Ramadhan dimuliakan karena pada bulan inilah Al-Qur’an diturunkan sebagai petunjuk bagi seluruh umat manusia, sebagaimana firman Allah dalam Surat Al-Baqarah: 185, yakni :
شَهْرُ رَمَضَانَ الَّذِيْٓ اُنْزِلَ فِيْهِ الْقُرْاٰنُ هُدًى لِّلنَّاسِ وَبَيِّنٰتٍ مِّنَ الْهُدٰى وَالْفُرْقَانِۚ فَمَنْ شَهِدَ مِنْكُمُ الشَّهْرَ فَلْيَصُمْهُۗ وَمَنْ كَانَ مَرِيْضًا اَوْ عَلٰى سَفَرٍ فَعِدَّةٌ مِّنْ اَيَّامٍ اُخَرَۗ يُرِيْدُ اللّٰهُ بِكُمُ الْيُسْرَ وَلَا يُرِيْدُ بِكُمُ الْعُسْرَۖ وَلِتُكْمِلُوا الْعِدَّةَ وَلِتُكَبِّرُوا اللّٰهَ عَلٰى مَا هَدٰىكُمْ وَلَعَلَّكُمْ تَشْكُرُوْنَ
“Bulan Ramadhan adalah bulan yang di dalamnya diturunkan Al-Qur’an sebagai petunjuk bagi manusia.”
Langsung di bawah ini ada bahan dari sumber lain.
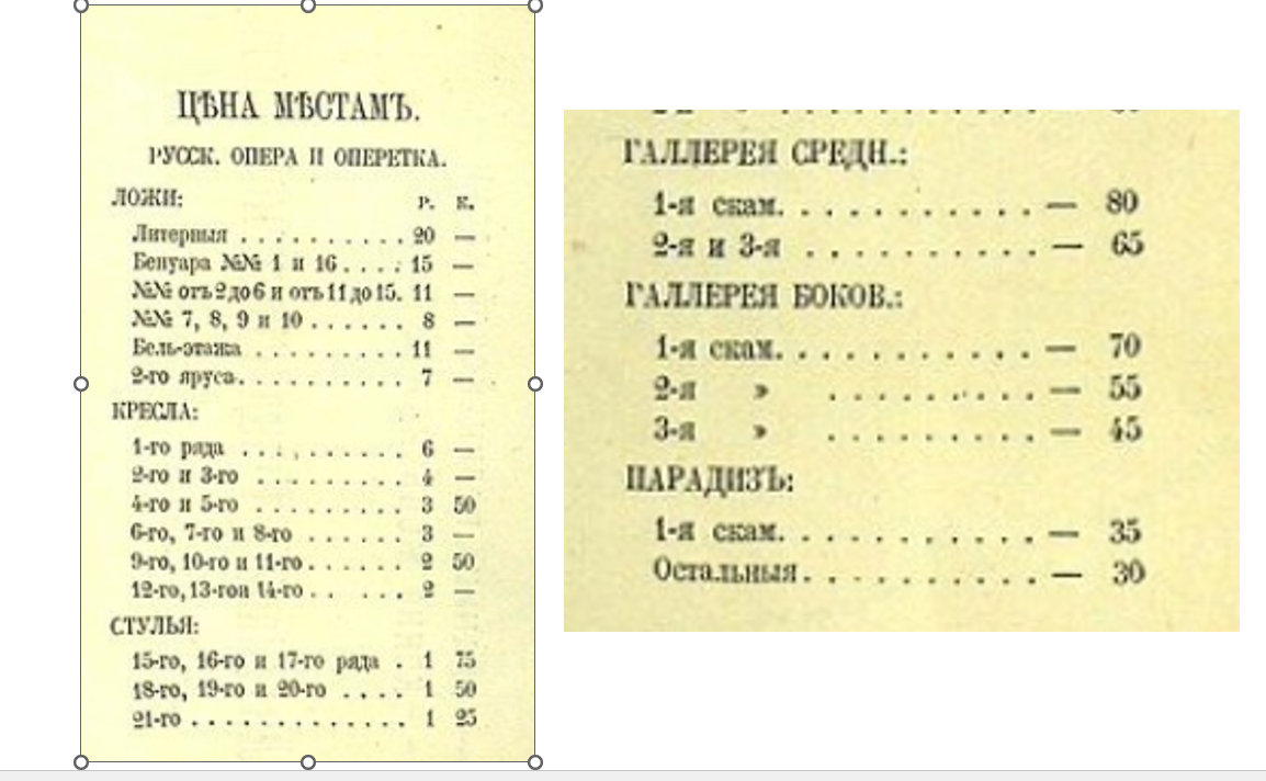 Второй раз ошибка выскочит при разделении на богатые и бедные сословия, при сепарации "чистеньких" и "чумазеньких", например, в театре. Одних зрителей от других отделяет цена. Литерная ложа - 90 рублей за место, галерка третий ряд - 45 копеек, самый дешевый парадиз - 30 копеек.
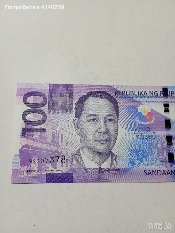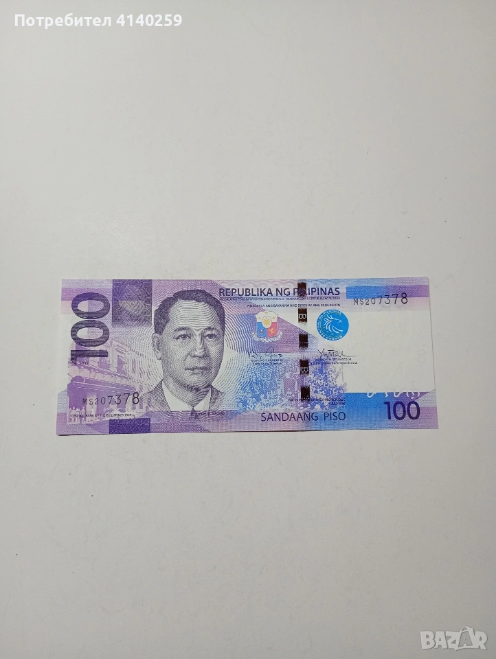 ФИЛИПИНИ БАНКНОТА 100 ПЕСОС 2012 Г СЪСТОЯНИЕ НОВО ПОЛУЧАВАТЕ СНИМАНАТА БАНКНОТА РАЗГЛЕДАЙТЕ ДРУГИТЕ МИ ОБЯВИ ДА КОМБИНИРАТЕ ДОСТАВКА ЕКОНТ ЗА ВАРНА ЛИЧНО

Malam turunnya Al-Qur’an dikenal sebagai Lailatul Qadar, malam yang lebih baik dari seribu bulan, malam ketika takdir manusia ditetapkan dan rahmat Allah tercurah tanpa batas.
Makna Ramadhan bagi Jiwa yang Rindu Allah
Ramadhan adalah madrasah ruhani, tempat hati yang keras dilembutkan, jiwa yang lelah disembuhkan, dan iman yang redup kembali dinyalakan.
Di bulan ini, Allah membuka :
- Pintu rahmat-Nya bagi hamba yang kembali.
- Pintu ampunan-Nya bagi yang bertobat.
- Pintu pembebasan dari neraka bagi yang bersungguh-sungguh.
Rasulullah SAW bersabda : مَنْ صَامَ رَمَضَانَ إِيمَانًا وَاحْتِسَابًا غُفِرَ لَهُ مَا تَقَدَّمَ مِنْ ذَنْبِهِ
“Barang siapa berpuasa Ramadhan dengan iman dan mengharap pahala, maka diampuni dosa-dosanya yang telah lalu.” (HR. Bukhari no. 38 dan Muslim no. 760).
Ramadhan : Jalan Pulang Menuju Allah
Ramadhan adalah panggilan cinta dari Allah kepada hamba-Nya.
Ia datang bukan untuk memberatkan, tetapi mengangkat derajat, menyucikan hati, dan mempertemukan manusia dengan Rabb atau Tuhannya.
Bagi jiwa yang rindu ampunan, Ramadhan adalah harapan.
Bagi hati yang terluka, Ramadhan adalah penyembuhan.
Bagi insan yang tersesat, Ramadhan adalah jalan pulang.
Untuk itu, jangan biarkan Ramadhan berlalu tanpa perubahan.
Selamat Menunaikan Ibadah Puasa
Jadikan ia saksi taubat kita, saksi sujud kita, dan saksi air mata kita di hadapan Allah. (red)
Editor/Publish : Antonius Sitanggang
Renungan :
Ramadhan bukan sekadar bulan, ia adalah rahmat yang hidup.